Narconon Liberia UN day group with banner
Narconon Liberia promotes their message on UN Day

Liberia is a country that spent fourteen years in a civil war, with many of its children recruited to fight as soldiers or support staff. Once the civil war was over, both men and women have struggled with demobilization, often depending on drugs to cope with past atrocities. Given this situation with so much suffering, Narconon drug educator Joe Appiah left his home in Ghana and traveled to Liberia to spread hope of drug-free lives.

Narconon Liberia marching on UN Day

On June 26, 2015, Joe and his anti-drug volunteers joined with the Liberian Drug Enforcement Administration to create an event for public education. Together, they marched down a Monrovia street with a banner promoting the United Nations International Day Against Drug Abuse and Illicit Trafficking. At the end of their march, the group met at the William V. S. Tubman High School for a community meeting on how to fight drug abuse. Appiah suited up his volunteers with t-shirts that read “Let’s develop our lives, our communities, our identities without drugs,” the UN slogan for this day’s event.
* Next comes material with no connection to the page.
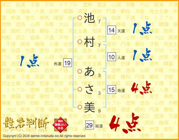 池村あさ美さんの総運は29画の4点!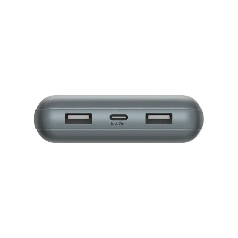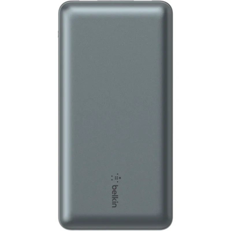 Power Bank Belkin BOOSTCHARGE – batterie externe avec Capacité de : 20 000 mAh – Recharge de trois appareils (max) avec deux ports USB-A (12 W) et un port USB-C (15 W) – Puissance de charge 15 W – Grande autonomie de batterie pour 78 heures (max) – Recharge rapide de zéro à 50 % en 35 minutes (iPhone 15 Pro) / en 45 minutes (Samsung Galaxy S23 Plus) – Voyant LED pour indiquer le niveau de charge restante de la batterie externe – Matériau plastiques – Couleur Gris – Garantie 1 an

Narconon Ghana and Liberia staff

“It is so important to help all Liberians all learn that they can have a better life if they stop using drugs,” Joe said. “Also, this helps prevent the spread of drugs like HIV, hepatitis and even ebola. Liberia is now free from ebola and we are happy to have helped the country achieve this goal with our anti-drug work over the past year.”

Joe explained that many of these child soldiers were given drugs when they were recruited and continued to use them while serving as soldiers. Teenaged girls were taken into service as soldiers or prostitutes and struggle, post-civil war, just as much as the boys.

“In so many countries, the government is not able to provide sufficient help for the addicted, so the work of volunteers like Mr. Appiah is doubly valuable,” said Clark Carr of Narconon International in Los Angeles. “Every event like this and every presentation to children in these countries provides more hope of a better future. We’re grateful to Mr. Appiah and his volunteers for their selfless work.”

Since 1966, Narconon rehabilitation centers around the world have been helping the addicted build new, sober lives for themselves. There are some fifty Narconon rehabilitation centers located on six continents and millions of children have been reached with the Narconon anti-drug curriculum.